Helen A. Weinberg

June 17, 1927 - April 20, 2012

    Helen A. Weinberg of Shaker Heights, Ohio, a summer resident of East Hampton since 1970, died of lung cancer in Cleveland on April 20 at the age of 84, after an illness of four years.
    A professor of literature, composition, and art criticism at the Cleveland Institute of Art for 46 years, Ms. Weinberg became active in cultural life here soon after she and her husband bought a house on Spring Close Highway. She wrote art criticism for Newsday, lectured at the Pollock-Krasner House and Study Center, and led book discussions at the Jewish Center of the Hamptons, among other undertakings. In addition to her years teaching in Cleveland, she studied and taught at Vassar College and Columbia University under grants from the National Endowment for the Humanities. She owned a loft in SoHo from 1980 to 1987.
    “She was a great patron of the arts,” John Weinberg, one of her sons, said, noting that she had a large collection of works by emerging and established artists and former students. A large part of her collection is now owned by the Cleveland Museum of Art.
    “She had a wonderful personal style and a great eye,” her son said. “Her homes were filled with her collections of beautiful art, objects, and books.”
    Born in Orange, N.J., on June 17, 1927, Ms. Weinberg grew up nearby in West Orange and graduated from Wellesley College in 1949. She held a master of arts degree and a Ph.D. from Case Western Reserve University in Ohio.
    She was married on Sept. 11, 1949, three months after her college graduation, to Kenneth G. Weinberg, an attorney. He died in 1999.
    Besides her son John, who lives in Richmond, Va., she leaves another son, Hugh Weinberg of New York City, and a daughter, Janet Weinberg of Los Angeles. A sister, Ruth Arnstein of New York City, also survives, as do five grandchildren.
    A funeral service took place at Mayfield Cemetery in Cleveland. Memorial donations can be sent to the attention of Dr. Abraham Chachoua, Thoracic Research Program, N.Y.U. Cancer Institute, 17th Floor, One Park Avenue, New York 10016.

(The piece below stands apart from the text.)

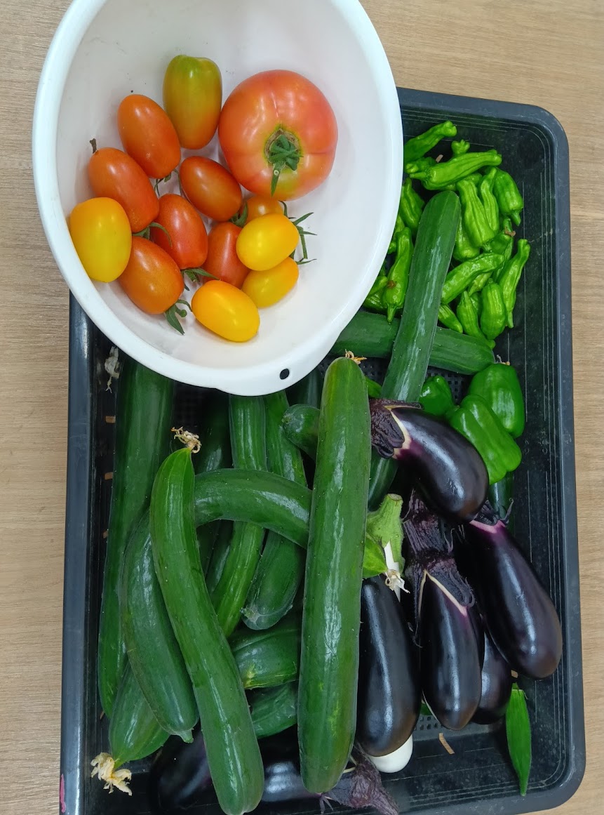 畑は、きゅうり、ズッキーニ、トマトなどが毎日収穫できています。

She was a remarkable woman who held strong opinions and was fascinating to discuss a range of subjects with. I will miss her visits to Los Angeles, California where she came each year and held court at her daughter Janet's house. She had so many friends who would come to enjoy her daughter's delicious food, her company and conversation.
My favorite memory of Dr. Weinberg is when we ended up on the same flight from Islip back to Cleveland. We spent our time at the airport chatting about each others' extracurricular interests. She was a very strong-willed woman but also had a kind heart underneath.